Data to examine:

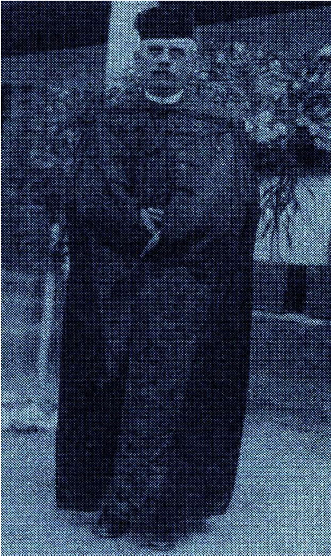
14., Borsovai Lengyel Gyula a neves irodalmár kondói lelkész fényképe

==

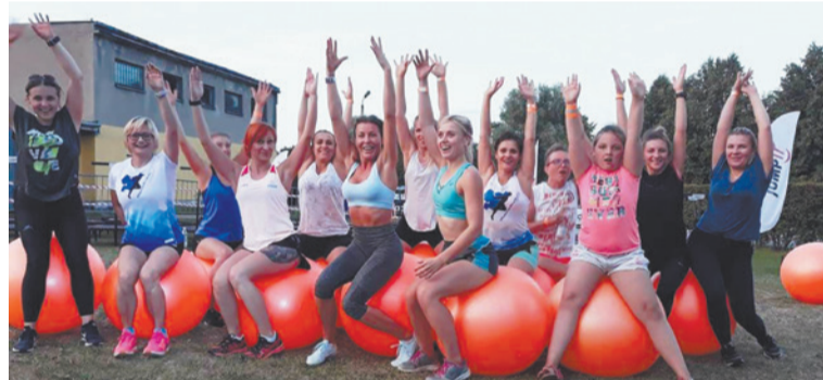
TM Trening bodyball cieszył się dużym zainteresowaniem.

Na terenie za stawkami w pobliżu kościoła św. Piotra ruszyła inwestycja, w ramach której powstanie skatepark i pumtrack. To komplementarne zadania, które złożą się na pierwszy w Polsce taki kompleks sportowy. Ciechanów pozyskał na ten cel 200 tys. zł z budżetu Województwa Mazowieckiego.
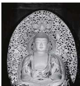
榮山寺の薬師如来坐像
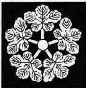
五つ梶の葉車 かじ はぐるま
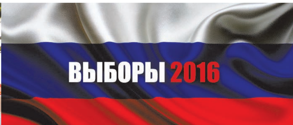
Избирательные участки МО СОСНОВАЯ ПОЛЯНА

---

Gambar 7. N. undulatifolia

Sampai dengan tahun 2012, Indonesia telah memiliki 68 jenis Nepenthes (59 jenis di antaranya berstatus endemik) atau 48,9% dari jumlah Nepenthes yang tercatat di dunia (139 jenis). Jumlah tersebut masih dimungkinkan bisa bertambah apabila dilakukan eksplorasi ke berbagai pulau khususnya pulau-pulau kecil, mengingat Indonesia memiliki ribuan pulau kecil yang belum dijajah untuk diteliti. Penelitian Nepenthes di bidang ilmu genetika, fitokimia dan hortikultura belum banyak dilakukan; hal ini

Problem requirements: Here the job is to copy the stretch of records from the line containing "五つ梶の葉車 かじ はぐるま" through the line containing "Избирательные участки МО СОСНОВАЯ ПОЛЯНА", word for word. Leave every picture out.

Task result:
五つ梶の葉車 かじ はぐるま
Избирательные участки МО СОСНОВАЯ ПОЛЯНА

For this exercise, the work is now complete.